Он не помнил этого слова и переспросил:
– Что это?
– Ярлыки, – ответил сам себе. – Недраматических предшественников моралите можно найти в средневековой литературе для проповедей.
– Так и есть.
– Это наставления, басни, притчи и другие назидательные произведения.
– Разумеется, – сказал он.
Им снова овладела нестерпимая боль, Шэд закричал. Затем боль отступила, и его разум прояснился.
Он обернулся и увидел на земле свое бесчувственное тело с перекошенным лицом, дышавшее тяжело и отрывисто. Струи дождя затекали в открытый рот и вытекали обратно.
Над ним стояли мать и Иисус Адского Пламени.
– Ох, мама, – произнес Шэд, гадая: она ли это?
Иисус был вовсе не Христом с картины по номерам миссис Райерсон. Или с картины старушки Хестер. Такого Христа трудно представить рядом с Конвеем Твитти или с Элвисом на облаке.

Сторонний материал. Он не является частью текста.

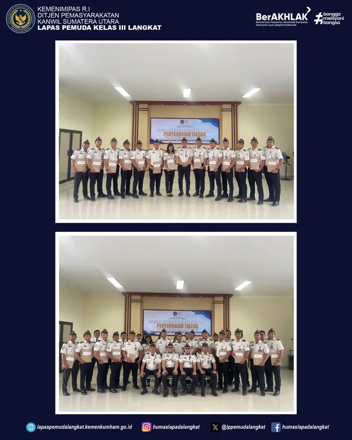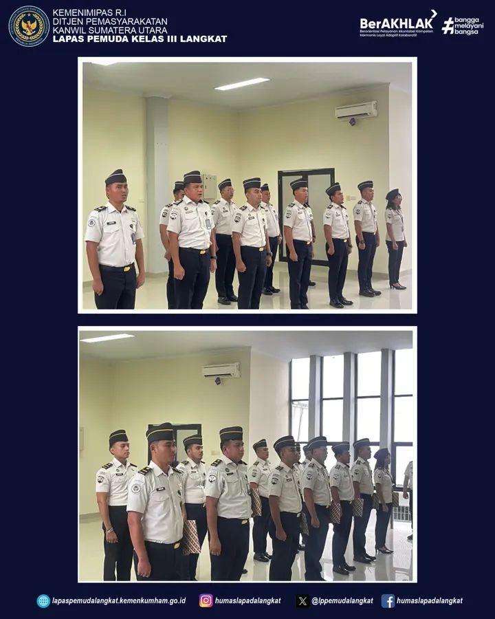TIMELINES INEWS INVESTIGASI, Langkat Lembaga Pemasyarakatan (Lapas) Pemuda Kelas III Langkat melaksanakan Apel Penyematan Tanda Kenaikan Pangkat Penyesuaian Izasah, Rabu (18/03/2026). Bertempat di Aula Gedung 1 Lt.III Lapas Pemuda Langkat. Kegiatan tersebut dipimpin langsung oleh Kepala Lapas Kelas III Langkat, Kenal Purba dan diikuti oleh Pejabat Struktural serta seluruh pegawai Lembaga Pemasyarakatan Pemuda Kelas III Langkat.

Кулаки Иисуса Адского Пламени были гораздо крупнее, а запястья толще, чем у изможденных фигур на распятиях, которые видишь на стенах обеденных комнат. Этот Иисус был каменщиком, он прошел три мили от своей деревни до космополитичного города Сефер, где римляне вели строительство вдоль Галилейского моря. Он работал до изнеможения, поскольку налоги забирали четвертую часть его доходов. Если неделя выдавалась неудачной, римляне приезжали в Назарет и заставляли двести жителей деревни платить дань продуктами и животными. Этот Иисус многое знал о Платоне и Аристотеле от греческих ремесленников, которые выкладывали напольные мозаики.

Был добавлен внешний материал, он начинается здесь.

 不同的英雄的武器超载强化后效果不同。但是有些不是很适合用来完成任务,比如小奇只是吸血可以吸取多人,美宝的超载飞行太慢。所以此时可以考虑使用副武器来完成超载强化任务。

Лицо у него простое, угрюмое, опаленное солнцем пустыни и покрытое глубокими морщинами. В уголках глаз корка из грязи и пыли. Среднего роста, чуть лысоватый. У него не было возможности принимать ванну каждый день, и он источал отвратительный запах, которого на Ближнем Востоке никто и никогда не заметил бы. Но даже мать Шэда, принюхавшись, скорчила гримасу.
Иисус, чей голос то ли был, то ли не был голосом отца Шэда, что-то пробормотал. Слишком тихо, чтобы можно было расслышать.

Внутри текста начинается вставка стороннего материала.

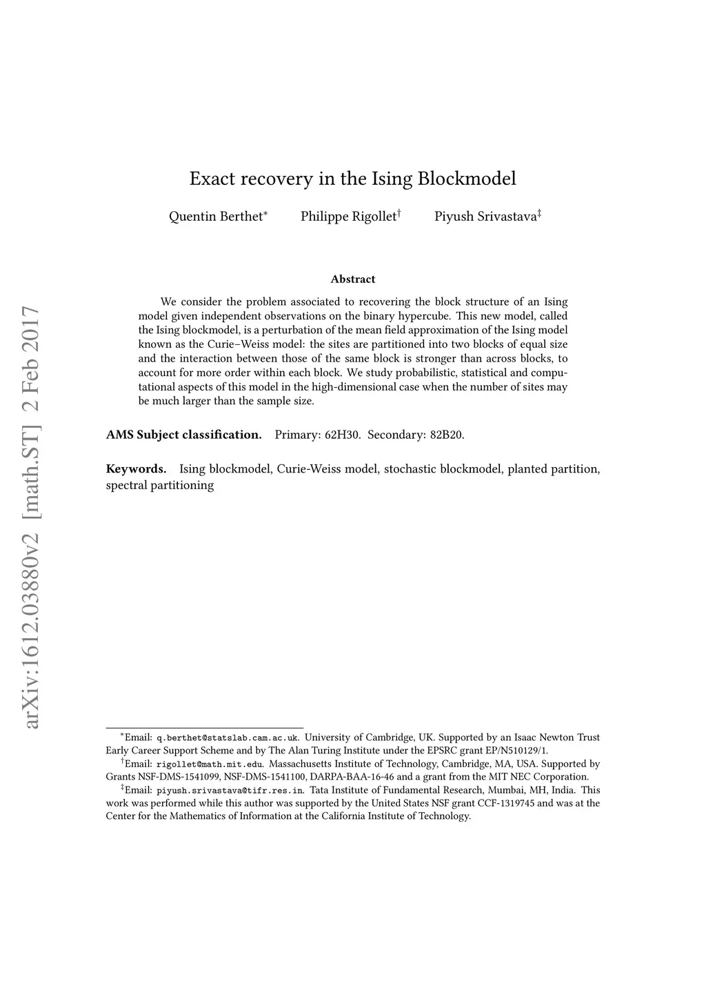 Exact recovery in the Ising blockmodel

Проделываешь такой путь, чтобы встретиться с Богом, а тот мямлит.
– Шэд?
– Да, мама.
– Ты… ты ранен?
– Да.
– Ты идешь ко мне? Мы снова будем вместе? – Ее лицо просияло.
– Нет, мама. Не сейчас. Ты должна мне помочь.
– Должна?
– Да, ты должна показать мне выход.
Шэд видел себя лежавшего на земле. Губы от кашля покрылись зернистой черной мокротой. Он где-то читал, что это означает повреждение печени. Какое-то время еще проживешь, но, скорее всего, это конец. Возможно, печень была не слева, как он думал. Ужас вновь охватил Шэда, и он посмотрел на Христа.
Ни малейшего шанса на милосердие. У Иисуса Адского Пламени было много забот, он крадучись, точно зверь, расхаживал по лесу, а взгляд его горящих глаз метался из стороны в сторону. Сочувствия этот Иисус не хотел и сам его проявлять не собирался.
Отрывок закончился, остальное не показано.